Items from a data source
***

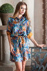 Оригинальная удлиненная рубашка средней длины прямого силуэта из натурального шелка с фантазийным принтом. Рубашка с рукавом реглан, манжета двухсторонняя, на рукаве хлястик застегивающийся на пуговицe с петлей, для корректировки длины рукава. Модель с полукруглым низом и разрезами по бокам. Модель имеет втачной воротник на стойке с планкой. Приталенный силует создается за счет кулиски и пояса.
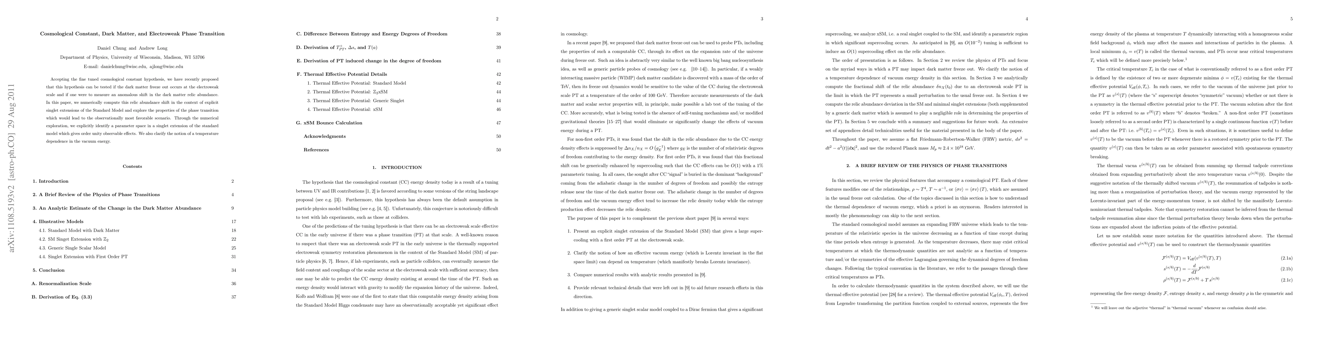 This paper proposes a method to test the fine-tuned cosmological constant hypothesis by examining dark matter relic abundance shifts at the electroweak scale, identifying a parameter space in singlet extensions of the Standard Model that yields observable effects, and discussing the temperature dependence of vacuum energy.
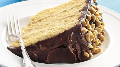 Split each cake layer horizontally to make 2 layers. Fill each layer with about 2/3 cup peanut butter mixture to within 1/2 inch of edge. Frost side and top of cake with frosting. Press peanuts onto frosting on side of cake. Store covered in refrigerator.
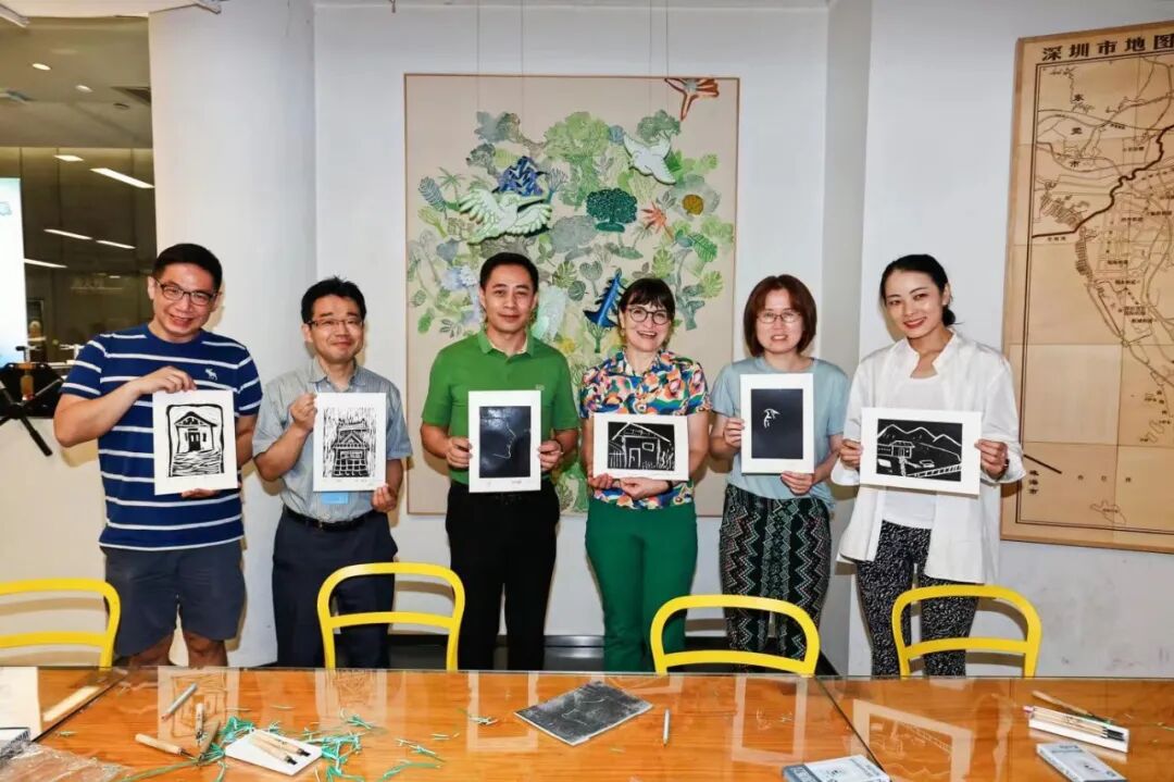 Foreign participants of the exchange camp show their printmaking works during their visit to Guanlan Print Village in Longhua District.
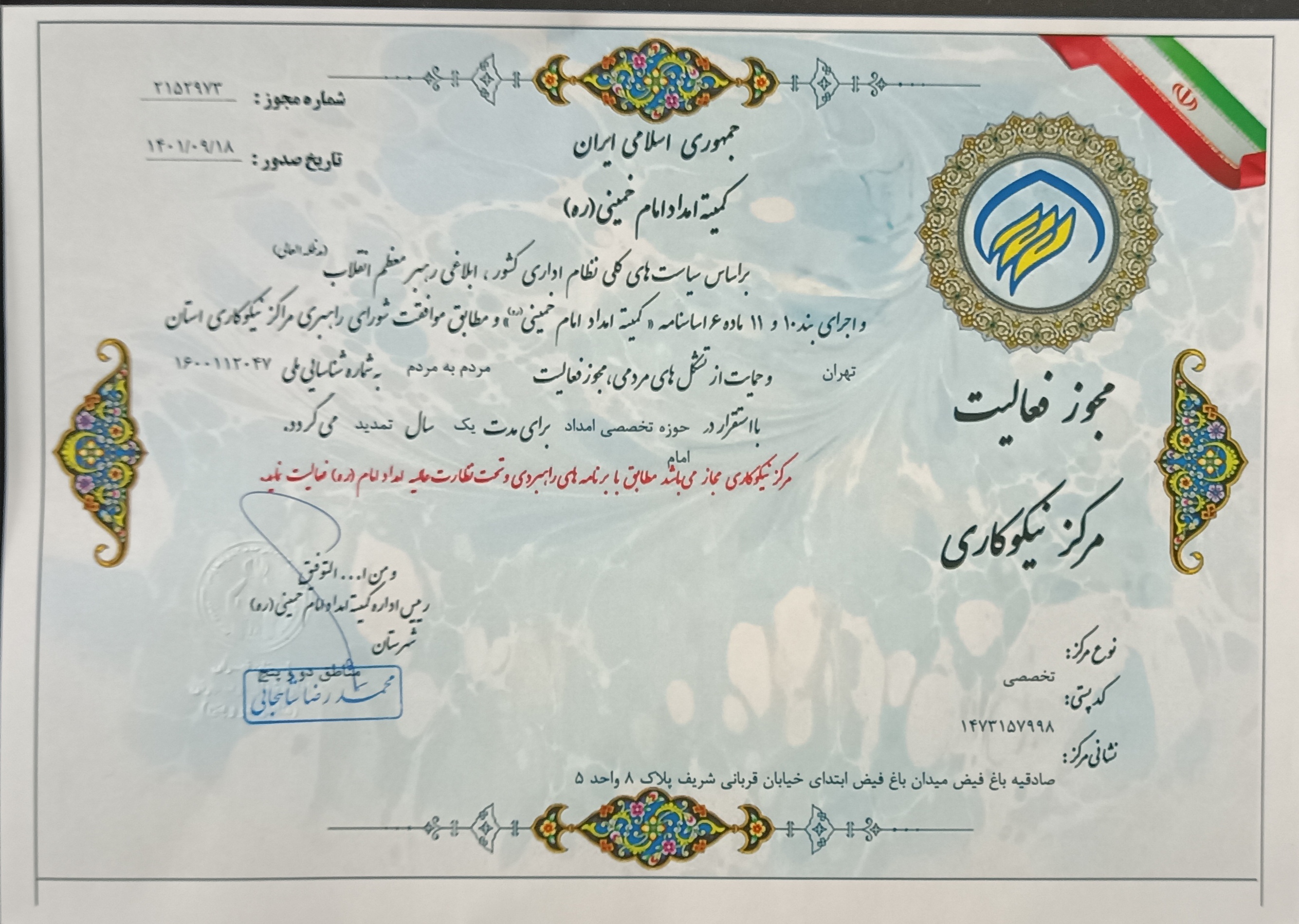 مجوز جدید مرکز نیکو کاری مردم به مردم
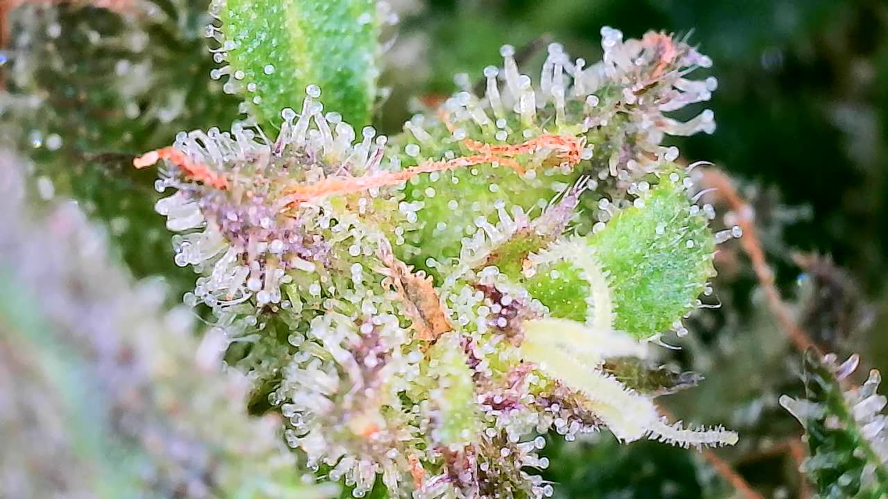 Die Sticky Orange XXL (Tag 35) geht ebenfalls ordentlich ab und hat inzwischen 53cm an Höhe gemacht. Denke mal da fängt bald die Blüte an, die Geschlechtsmerkmale sind bereits gut zu sehen. ![]()
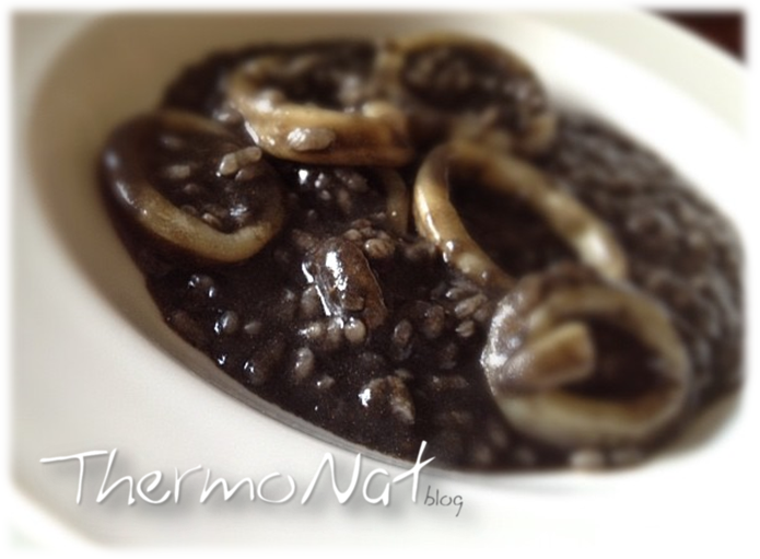 Afegim ara el brou ben calent (reservem una mica en un got, uns 100gr) i programem 15 minuts, 100º, gir invertit, velocitat cullera. Estem pendents del temps ja que quan hagin passat 5 minuts afegirem pel bocal la tinta de calamar ben dissolta en el brou que hem reservat amb una miqueta de sal.
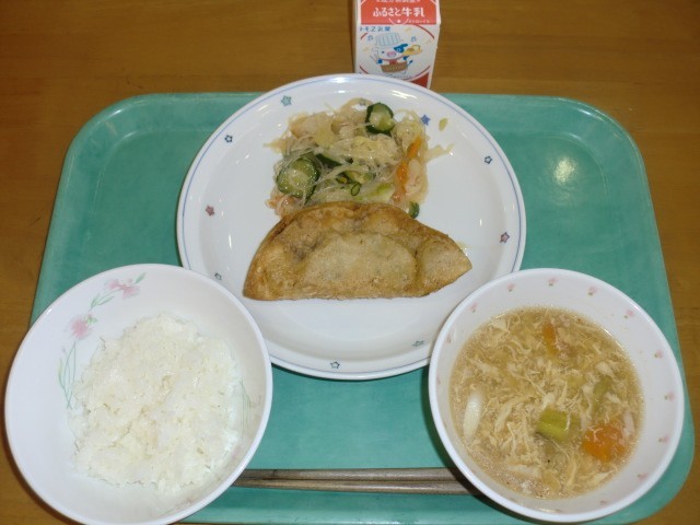 ごはん(有機米) 牛乳 ジャンボぎょうざ 春雨サラダ かみなり汁
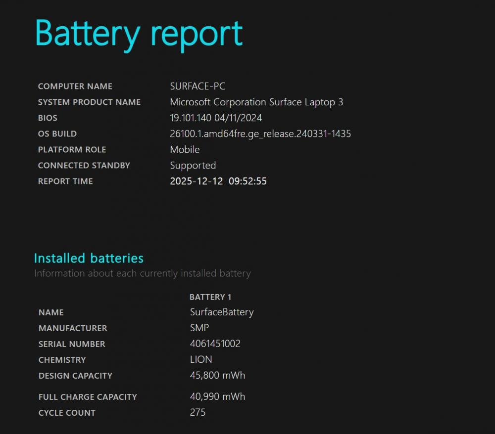 バッテリー電池の健康度は 89% です。3時間位も使用可能と表示されている。 バッテリーは消耗品の為、動作補償外となります。

***

# What to work on:
Could you reproduce the entries verbatim, leaving out all pictures?

# Output:
 Оригинальная удлиненная рубашка средней длины прямого силуэта из натурального шелка с фантазийным принтом. Рубашка с рукавом реглан, манжета двухсторонняя, на рукаве хлястик застегивающийся на пуговицe с петлей, для корректировки длины рукава. Модель с полукруглым низом и разрезами по бокам. Модель имеет втачной воротник на стойке с планкой. Приталенный силует создается за счет кулиски и пояса.
 This paper proposes a method to test the fine-tuned cosmological constant hypothesis by examining dark matter relic abundance shifts at the electroweak scale, identifying a parameter space in singlet extensions of the Standard Model that yields observable effects, and discussing the temperature dependence of vacuum energy.
 Split each cake layer horizontally to make 2 layers. Fill each layer with about 2/3 cup peanut butter mixture to within 1/2 inch of edge. Frost side and top of cake with frosting. Press peanuts onto frosting on side of cake. Store covered in refrigerator.
 Foreign participants of the exchange camp show their printmaking works during their visit to Guanlan Print Village in Longhua District.
 مجوز جدید مرکز نیکو کاری مردم به مردم
 Die Sticky Orange XXL (Tag 35) geht ebenfalls ordentlich ab und hat inzwischen 53cm an Höhe gemacht. Denke mal da fängt bald die Blüte an, die Geschlechtsmerkmale sind bereits gut zu sehen. ![]()
 Afegim ara el brou ben calent (reservem una mica en un got, uns 100gr) i programem 15 minuts, 100º, gir invertit, velocitat cullera. Estem pendents del temps ja que quan hagin passat 5 minuts afegirem pel bocal la tinta de calamar ben dissolta en el brou que hem reservat amb una miqueta de sal.
 ごはん(有機米) 牛乳 ジャンボぎょうざ 春雨サラダ かみなり汁
 バッテリー電池の健康度は 89% です。3時間位も使用可能と表示されている。 バッテリーは消耗品の為、動作補償外となります。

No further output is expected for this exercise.